We can now use the adf.test command to create a hypothesis test to determine if the difference is stationary.

adf.test(diff1)

## 
##  Augmented Dickey-Fuller Test
## 
## data:  diff1
## Dickey-Fuller = -3.1899, Lag order = 5, p-value = 0.09265
## alternative hypothesis: stationary

Based on the plot and the adf.test, we can conclude that the data is stationary and we don’t have to worry about non-seasonal differences.

Step 3

For this step we will use the ACF and PACF plots to determine our p, q, P, and Q values. We will use ACF for q and Q, and we will use PACF for p and P.

Acf(diff1)

We see that the spikes for the first few lag values are above the significance level until we reach lag 8. This meand that q is going to be greater than or equal to 1. When determining Q, we need to look at lags 12 and 24. We see that the lag for 12 is significant but for 24 it isn’t, so we will use Q=1. Next we use the PACF plot.

Pacf(diff1)

Our spikes for both the first and second lag are significant, we we will need to use a p that is greater than or equal to 1. For P, we look at lags 12 and 24, and we see that the spike at lag 12 is not significant, so P will equal 0.

Step 4

After using the Acf and Pacf plots to estimate our p’s and q’s, we can estimate the ARIMA model. Based on the plots, we will use p=1, P=0, q=1, and Q=1. We will also use D=1 and S=12.
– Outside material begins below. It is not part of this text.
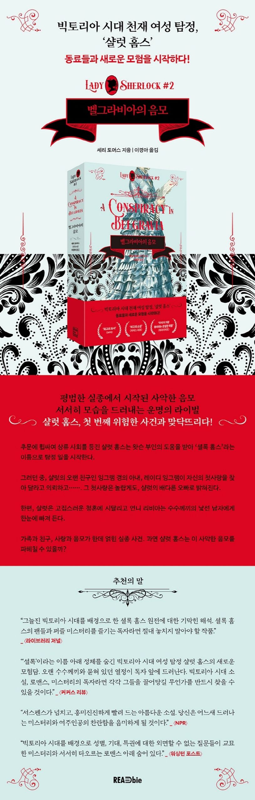 ‘셜록 홈스’의 재능을 지닌 여성이 빅토리아 시대에 살고 있다면 어떤 일이 일어날까? 빅토리아 시대 여성의 한계를 셜록 홈스라는 불후의 고전으로 풀어낸 ‘레이디 셜록 시리즈’, 그 두 번째 작품 《벨그라비아의 음모》가 국내에 소개된다.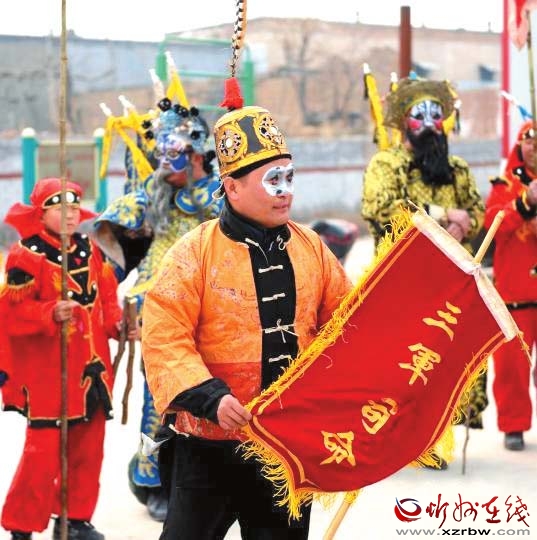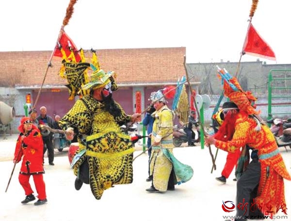 把古代戰(zhàn)爭場面演練成劇,表現(xiàn)多為騎兵對戰(zhàn),故稱為大馬社火。今年春節(jié)期間,定襄北社西村大馬社火被錄制成視頻上傳后,成為最受歡迎的鬧紅火視頻之一,人們紛紛轉(zhuǎn)載,贊不絕口。剛剛過去的元宵節(jié),大馬社火也是定襄鬧元宵不可或缺的重頭戲,北社西村眾多村民自發(fā)組織起來耍社火,表達(dá)祈福驅(qū)邪,對風(fēng)調(diào)雨順、豐產(chǎn)增收的祈愿,形成了一道獨(dú)特的傳統(tǒng)民間文藝風(fēng)景,還吸引了山西省民間文藝家協(xié)會專家現(xiàn)場指導(dǎo),舉行了民間民俗文化調(diào)研座談會。

mod.1 <- arima(AirPass, order = c(1,0,1), season = list(order = c(0,1,1), period = 12))
summary(mod.1)

## 
## Call:
## arima(x = AirPass, order = c(1, 0, 1), seasonal = list(order = c(0, 1, 1), period = 12))
## 
## Coefficients:
##          ar1      ma1     sma1
##       0.9959  -0.3994  -0.5526
## s.e.  0.0050   0.0898   0.0741
## 
## sigma^2 estimated as 0.001345:  log likelihood = 245.61,  aic = -483.22
## 
## Training set error measures:
##                       ME       RMSE        MAE        MPE      MAPE
## Training set 0.003012636 0.03514401 0.02638549 0.05667535 0.4783111
##                   MASE       ACF1
## Training set 0.2912769 0.01751614

We will use the box.test command to check our model. We will use the Ljung box test, as that is the improved version.
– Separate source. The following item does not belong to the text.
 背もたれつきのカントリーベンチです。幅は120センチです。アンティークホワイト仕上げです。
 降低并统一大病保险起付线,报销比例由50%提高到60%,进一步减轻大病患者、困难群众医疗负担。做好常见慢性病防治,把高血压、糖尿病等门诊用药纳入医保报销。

Box.test(mod.1$residuals, type = "Ljung")

## 
##  Box-Ljung test
## 
## data:  mod.1$residuals
## X-squared = 0.045108, df = 1, p-value = 0.8318

The large p-value of .83 indicates that the coefficients for our model are adequete and we have chosen the right p, q, and d values. We can check each one of these coefficients to make sure they are significant by calculating the test stat, which is the coefficient divided by the squared error of the coefficient with 140 degrees of freedom.

ar1.stat <- 0.9959/0.005
2*pt(abs(ar1.stat), df = 144-4, lower.tail = FALSE) 

## [1] 1.138476e-173

ma1.stat <- -.3994/.0898
2*pt(abs(ma1.stat), df = 144-4, lower.tail = FALSE) 

## [1] 1.755218e-05

sma1.stat <- -.5526/.0741
2*pt(abs(sma1.stat), df = 144-4, lower.tail = FALSE) 

## [1] 8.409341e-12

As we can see from each of these p-values, we can reject our null hypothesis and determine that each of our coefficients is significant.

Step 5

Finally, we can create a model using auto ARIMA to compare to the model constructed by hand.
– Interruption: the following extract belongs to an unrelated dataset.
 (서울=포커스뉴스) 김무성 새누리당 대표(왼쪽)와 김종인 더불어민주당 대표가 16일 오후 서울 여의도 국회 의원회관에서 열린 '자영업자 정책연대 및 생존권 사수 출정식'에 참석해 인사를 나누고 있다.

auto.mod <- auto.arima(log(AirPassengers))
auto.mod

## Series: log(AirPassengers) 
## ARIMA(0,1,1)(0,1,1)[12] 
## 
## Coefficients:
##           ma1     sma1
##       -0.4018  -0.5569
## s.e.   0.0896   0.0731
## 
## sigma^2 estimated as 0.001371:  log likelihood=244.7
## AIC=-483.4   AICc=-483.21   BIC=-474.77

The auto.arima command produces a slightly different variation of the model, as it has the form (0,1,1)(0,1,1)12. This could be for a variety of reasons, but the msot likely reason is simply that this is our first time learning about this so we still have a lot of practicing to do. We can use the AIC values to compare the two models.

AIC(mod.1)

## [1] -483.2233

AIC(auto.mod)

## [1] -483.3991

The AIC values for this model are actually almost identical, which honestly has me really confused. I expected the first AIC value to be significantly larger than the AIC value for the auto arima model. To be honest, I do not know what happened here, but I do not think this is right. Either way, I tried my best and feel like I still learned a lot about how to build an arima model by hand. With practice, this process should become easier and make even more sense.